New labor ruling may cost laid-off workers’ training aid

Regulation likely to hurt thinly-populated states

? Across the country, thousands of laid-off workers — many of them from smaller firms in thinly-populated states — stand to lose job-retraining opportunities because of a little-noticed change in the way the government pays for such programs.

The new Labor Department rules, adopted earlier this year, bar the longtime practice under which states “bundled” small groups of laid-off workers from separate companies to reach the threshold of 50 employees needed to obtain training dollars.

The rule change could make it more difficult for workers who lose jobs at small companies to get training help.
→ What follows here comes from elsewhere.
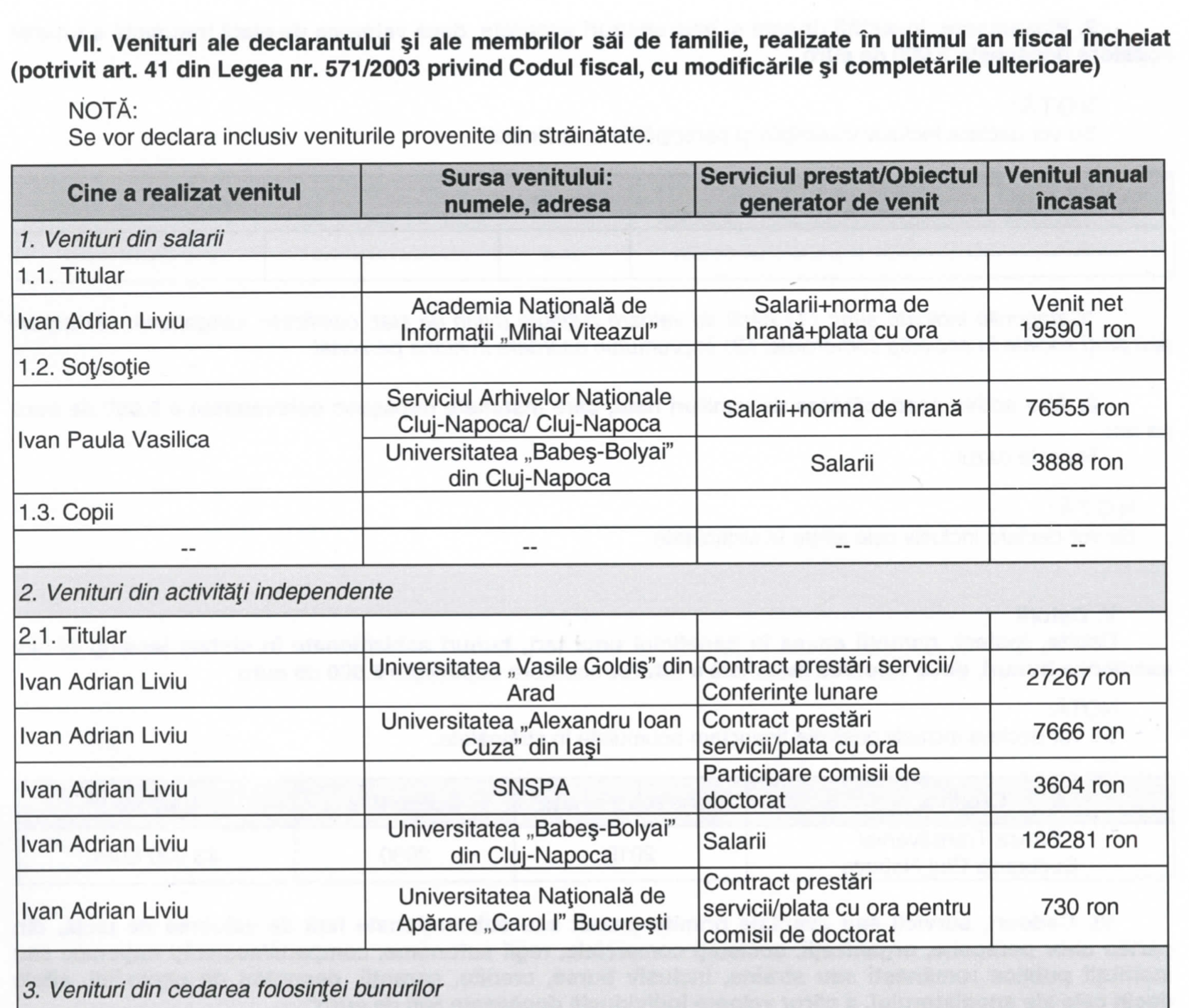 Dar nu musai prin asta frapeaza noua sa declaratie de avere. Ca sinecuristi am mai vazut. Ci prin faptul, UNIC in istoria Romaniei moderne, ca Adrian Ivan este rectorul Academiei SRI, rectorul unei universitati, dar mai incaseaza un salariu PLIN, deloc neglijabil, si de la UBB. Adica nesimtire crasa, puturoasa, care dovedeste un sinecurism de nivel academic.

Thinly-populated states like Iowa will be hardest hit, since many people there work at smaller companies.

“This is going to have a profound effect,” said Ted Harms, a program coordinator with Iowa Workforce Development, a state agency. “You know, we’re not California or Illinois. We’re not even Minnesota.”

Jim Hirsch, division director for workforce development at the North Dakota Department of Commerce, said: “I’m very worried about it, what this change could mean.”

The changes are expected to affect Kansas, but officials with the Kansas Department of Commerce did not immediately have figures on how the changes may affect the state.

The so-called national emergency grants have been used to help workers at shuttered manufacturing plants learn new skills — on computers, in health care or in trades such as welding. The department dispensed $614 million in such grants from 2000 to 2002.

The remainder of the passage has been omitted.